## Description of the task
Write the data out again exactly, with every picture removed.

## Information supplied
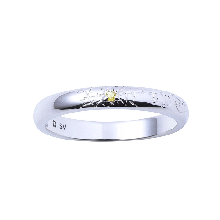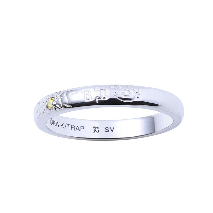 甲丸フォルムのリングに弾痕と黒龍のモチーフを取り込み、イメージカラーのイエローサファイヤをセット。内側には「黒龍」を黒塗装で刻印しました。
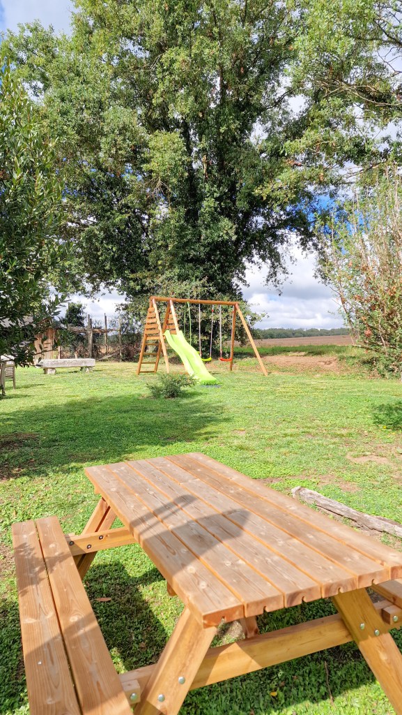Balançoire, table de pique-nique, salon de jardin, plancha, chaises longues et joli parc arboré, les extérieurs ne sont pas en reste. Sachez d’ailleurs que de nouveaux aménagements, dont notamment un coin détente avec hamacs, seront au programme pour la saison 2023.
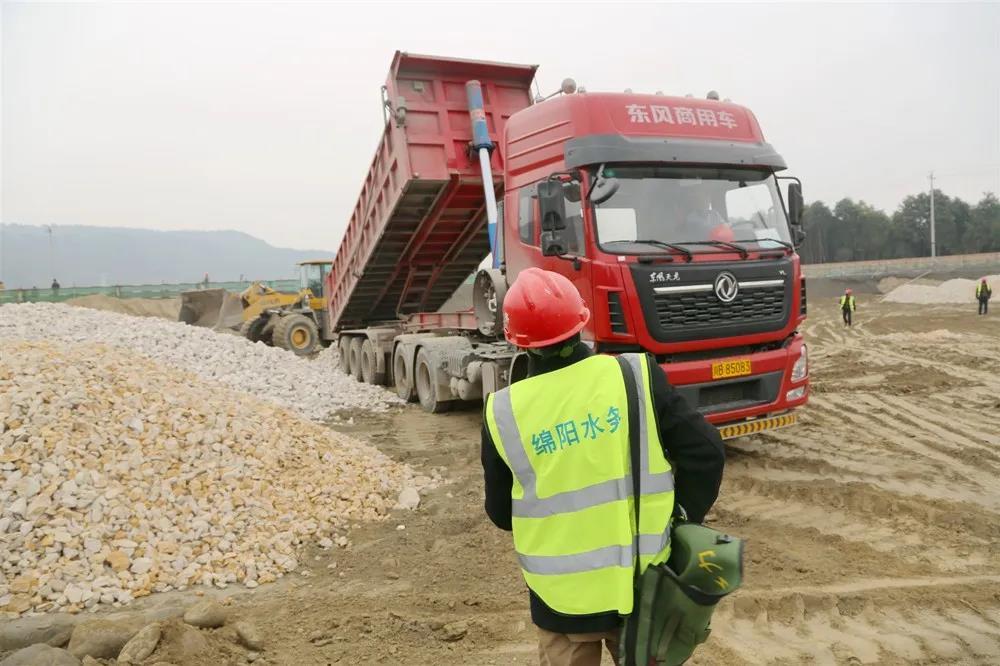 位于绵阳市区城南经开区涪江与木龙河交汇处的施工工地上,机械轰鸣,施工工人们全部佩戴口罩,正在有序紧张作业,工程材料运输车辆井然有序,一派忙碌紧张的施工场景。

## Your solution
 甲丸フォルムのリングに弾痕と黒龍のモチーフを取り込み、イメージカラーのイエローサファイヤをセット。内側には「黒龍」を黒塗装で刻印しました。
Balançoire, table de pique-nique, salon de jardin, plancha, chaises longues et joli parc arboré, les extérieurs ne sont pas en reste. Sachez d’ailleurs que de nouveaux aménagements, dont notamment un coin détente avec hamacs, seront au programme pour la saison 2023.
 位于绵阳市区城南经开区涪江与木龙河交汇处的施工工地上,机械轰鸣,施工工人们全部佩戴口罩,正在有序紧张作业,工程材料运输车辆井然有序,一派忙碌紧张的施工场景。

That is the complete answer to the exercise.